When Mothers Dream: Stories
Brenda Cooper
Fairwood Press
August 12, 2025
ISBN 978-1-95888-035-7
227 pages

Brenda Cooper describes herself as a futurist, a technologist, and a poet. Her collection, When Mothers Dream, bears this out with tales of near and distant futures in which scientific and technological advances are employed to solve devilish problems, ranging from child rearing done by robots, to eradicating invasive species, to relocating those whose homes have succumbed to rising sea levels, to powering cities without resorting to fossil fuels. Cooper proves adept at exploring the intergenerational gulfs between mothers, daughters, and grandmothers as everyone struggles to find meaningful work in an age of growing solastalgia, which is the sorrow and grief wrought by deteriorating global climate conditions. Some of her stories are heartbreaking, others are filled with rage, still others strike hopeful notes, and Cooper is talented enough to combine all of these in a single story. For science-minded readers like me, the pieces that resort to magical realism to find solutions can feel somewhat frustrating. That said, on a more fundamental level, each work in this collection recognizes that technology is but one part of what’s needed to get us beyond the current environmental mess. Our world could use more of her intelligent, generous characters, even with their flaws.

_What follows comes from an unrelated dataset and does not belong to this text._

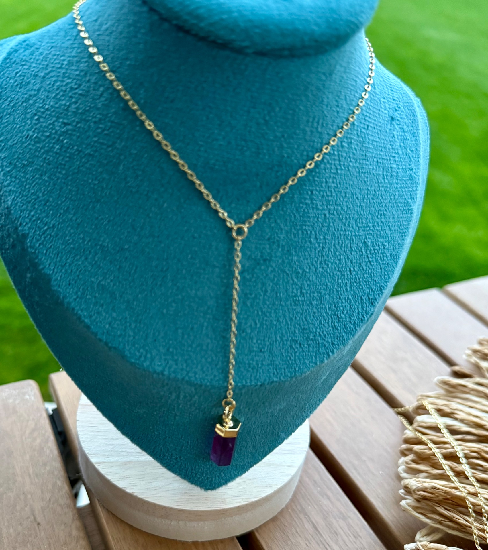 (18k gold plated Y retiazka, 44 cm, prívesok ametyst)

Cooper interweaves ecological concerns with explorations of ways we might rethink our relationships with family members and others in our communities, and with the natural world around us. When Mothers Dream makes the case for reevaluating our individual and collective actions if we are to stave off the disasters of anthropogenic climate change, instead of allowing ourselves to sink into solastalgia. Her principal characters tend to be women who work hard to discern what must be done and just as hard to convince others, including those quite close to them. Several stories also deftly depict the unwitting damage that each generation does to the one that follows. In “Solastalgia Meets the Alps” a reporter explores innovative solutions for generating hydroelectric power while grappling with her daughter’s distress over wildfires back home. It’s set in Geneva, not far from Zurich, where I read it on a foggy December day soon after my tour guide had described wearing skis to school in the winter when she was a girl. These days, the city gets no appreciable snowfall in December.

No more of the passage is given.